Oak View Group originally earmarked a site south of the Strip at Blue Diamond Road for its $10 billion arena and resort project, but has moved away from that location. Officials have stated the project will not require public money. In contrast, the LVXP project has a notable site—close to the Las Vegas Convention Center and Fontainebleau resort—but has not released information about financing.
NBA officials have not confirmed plans for expansion, although the recent lucrative sale of the Boston Celtics for $6.1 billion seems like a powerful motivating force for the league to do so.
Las Vegas may not need either arena project to host an NBA team.

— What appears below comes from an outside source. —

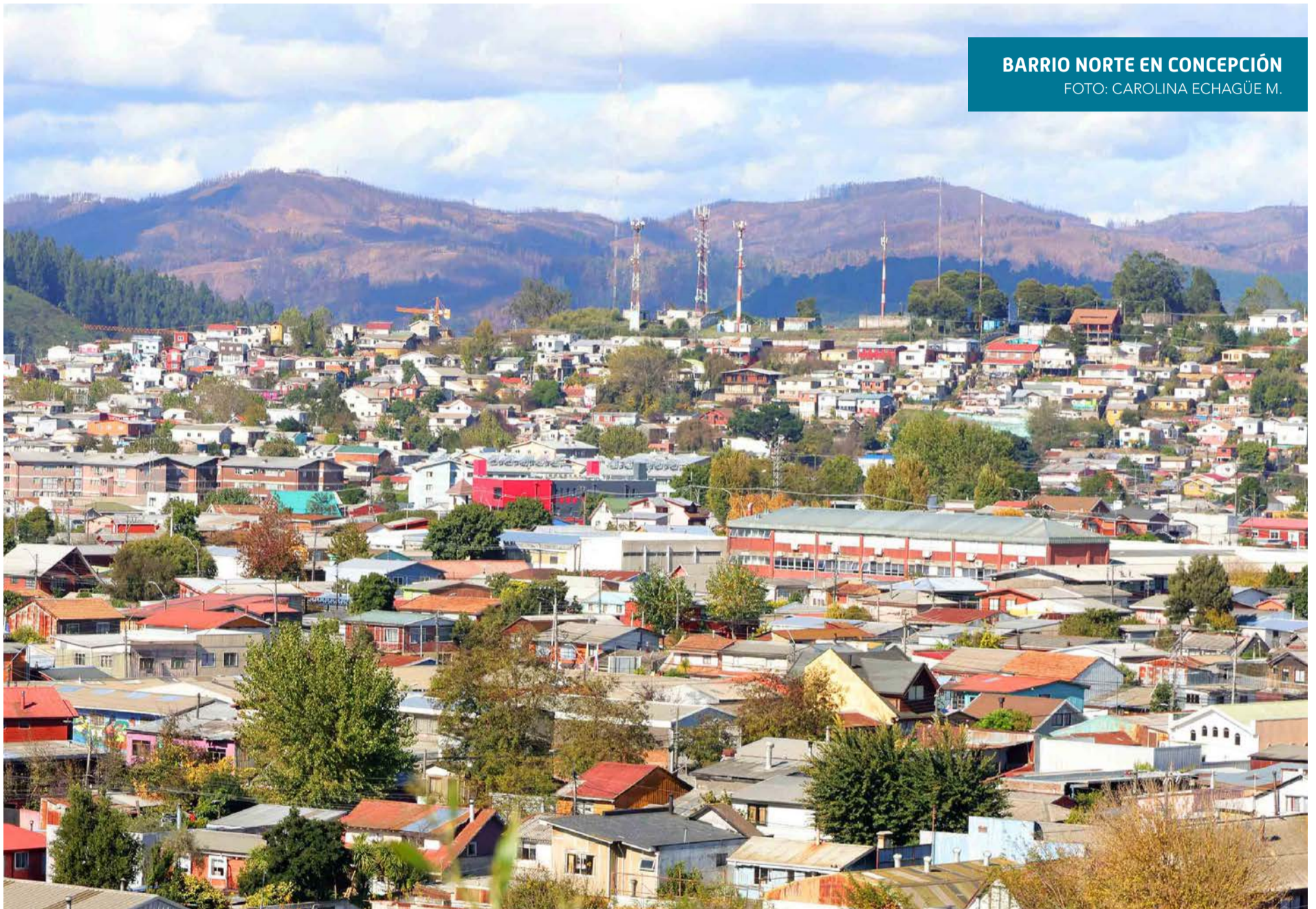
BARRIO NORTE EN CONCEPCIÓN

T-Mobile Arena was built to pro basketball specifications, and last year, Golden Knights owner Bill Foley said he’d be interested in renovating the arena to attract a basketball team. (MGM Resorts International operates T-Mobile and company officials declined to comment for this story.)
In a city that’s constantly reinventing itself and has no qualms about destroying old building to make way for shiny new ones, it’s hard to believe an older arena or stadium would be worth heavy reinvestment. The former home of UNLV football and countless sports and music events, Sam Boyd Stadium on the east side no longer hosts events and has been sold to the county (although the purchase hasn’t closed yet). A county spokesperson said future plans for the stadium and surrounding land “remain under consideration and have yet to be determined.”
Cashman Field, home to Las Vegas’ minor league baseball team for decades and the current headquarters of the Las Vegas Lights soccer team in the United Soccer League, was recently sold at auction by the City of Las Vegas to national homebuilder Lennar.
The Lights’ lease should allow the team to play there through 2026, but it’s expected the land will be used for housing.
These venues laid the foundation for Vegas today. Sam Boyd Stadium opened in 1971 and was the home field for UNLV football for 49 seasons. Cashman opened in 1983 and baseball bloomed in Las Vegas, leading to the opening of the Las Vegas Ballpark in Downtown Summerlin and eventually to the Athletics’ move.
And the Thomas & Mack Center, also arriving in 1983 and renovated in 2015, built a love for basketball in Las Vegas with the iconic Runnin’ Rebels teams of the ’80s and ’90s and some memorable NBA games as well.
With such a unique sports history, it doesn’t make a lot of sense to bet against Vegas continuing to develop and build on those traditions. A saturation point may not exist.